There was something slightly comical about the aesthetics of Christmas, shaped as they are by the colder global North, being superimposed on this tropical landscape. But the humor quickly turns dark when you cross the Río Guaire into San Agustín del Sur, the hillside favela near my grandfather’s old quarter, and arrive at a pyramidal building called El Helicoide. A wildly ambitious brutalist project, the structure was intended as a luxury shopping mall, complete with a four-kilometre ramp that loops around it, allowing vehicles to drive right in and park inside. It is now one of the most notorious political prisons in South America. For the past three months, it has also been a Christmas tree. An L.E.D. star sits atop the pyramid, and strands of colorful lights encircle the structure, like tinsel.

Inmates have reported cruel and inhumane treatment: electrocution, beatings, and simulated executions, among other horrors. Many were arrested for protesting Maduro’s regime, after he stole the Presidential election, in 2024. Some were detained for simply sending texts questioning the government’s legitimacy—messages that were uncovered during the phone searches that have become a routine part of law enforcement in Caracas.

Trump’s aggressive actions toward Venezuela only worsened the Maduro regime’s paranoia, and, in turn, its authoritarian grip on power. A common slogan, written on the armored personnel carriers that could be seen coming and going from El Helicoide at all hours of the day, translates to the declaration “To Doubt Is Treason.” The city’s most ubiquitous image, painted all over Caracas by government-commissioned muralists, is of the eyes of Hugo Chávez, Maduro’s predecessor, watching us.
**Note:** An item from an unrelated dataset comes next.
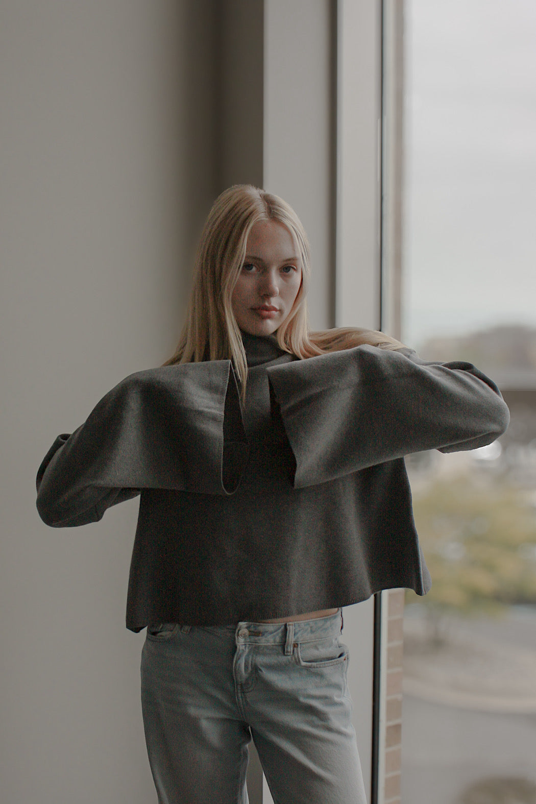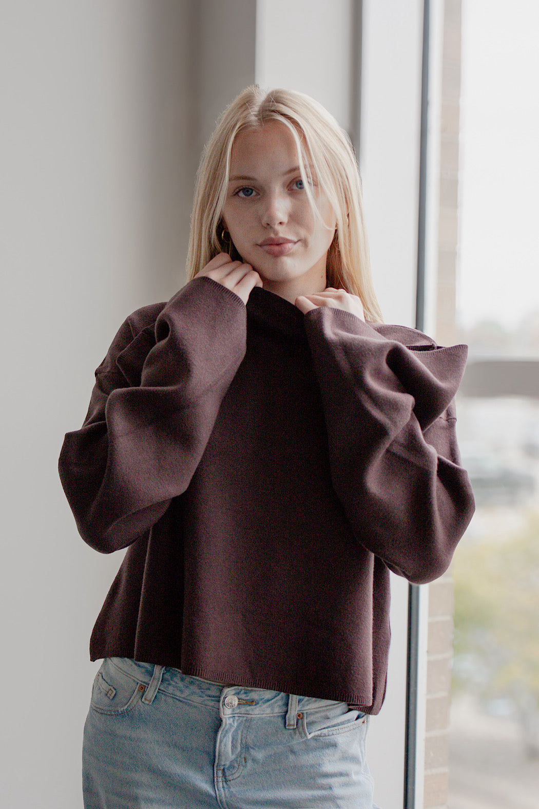 This cropped box-style sweater, crafted from a soft viscose blend, showcases a high mock neck and flared long sleeves. Its versatile neutral tones make it an ideal layering piece, perfectly suited for pairing with any outfit throughout the colder months.

In September, after the Trump Administration had begun striking boats off the coast of Venezuela, I was out photographing the local flora, a few streets down from where my grandparents and I live. After taking a picture of an unusually overgrown kapok tree—which, my neighbors later told me, was near a property owned by a high-ranking government official’s daughter—plainclothes officers approached me. They asked fairly banal questions about my employment and my reasons for taking photographs, and they looked through my phone, where they discovered that I had some text messages in English, further arousing their suspicion.
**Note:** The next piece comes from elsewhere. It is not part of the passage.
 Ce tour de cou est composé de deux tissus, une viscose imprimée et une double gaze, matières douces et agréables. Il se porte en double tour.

After roughly half an hour of sitting with the officers in the shadow of the kapok, being interrogated about my thoughts on the government, a four-by-four pulled up. Officers from SEBIN, the country’s intelligence service, dressed in black balaclavas and combat gear, with semi-automatic rifles slung over their shoulders, emerged from the vehicle and said that they were going to take me somewhere for questioning. They explained that, for my own safety, they were going to have to restrain me, and, in a gesture painfully symptomatic of the fact that I have spent far too much of my life in England, I made sure to shake the officers’ hands before they zip-tied my wrists.